> [MATERIAL PROVIDED]:
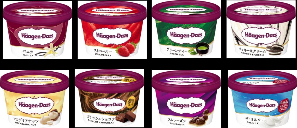 今回は、それぞれのフレーバーの魅力がひと目で伝わるようなデザインに進化。色使いもあえて抑えることで、ハーゲンダッツらしい上質感やおいしさが、よりダイレクトに感じられる仕上がりになっています。
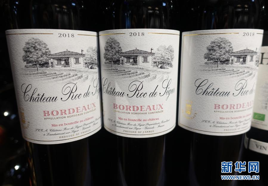 這是3月2日在法國巴黎商店內拍攝的一款波爾多葡萄酒。法國的波爾多葡萄酒是中歐地理標志協定中首批受保護的歐盟地理標志產品。
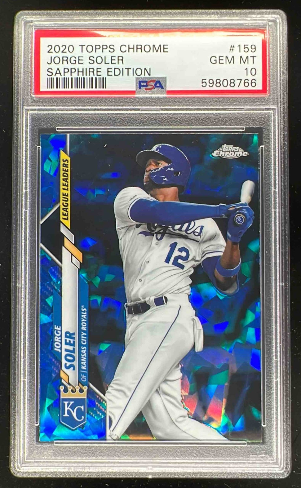 2020 Topps Chrome Sapphire Chrome #159 Jorge Soler League Leaders PSA 10

> [ACTION ITEM]: Everything in the data except the pictures needs to be written out exactly.

> [TASK ANSWER]:
 今回は、それぞれのフレーバーの魅力がひと目で伝わるようなデザインに進化。色使いもあえて抑えることで、ハーゲンダッツらしい上質感やおいしさが、よりダイレクトに感じられる仕上がりになっています。
 這是3月2日在法國巴黎商店內拍攝的一款波爾多葡萄酒。法國的波爾多葡萄酒是中歐地理標志協定中首批受保護的歐盟地理標志產品。
 2020 Topps Chrome Sapphire Chrome #159 Jorge Soler League Leaders PSA 10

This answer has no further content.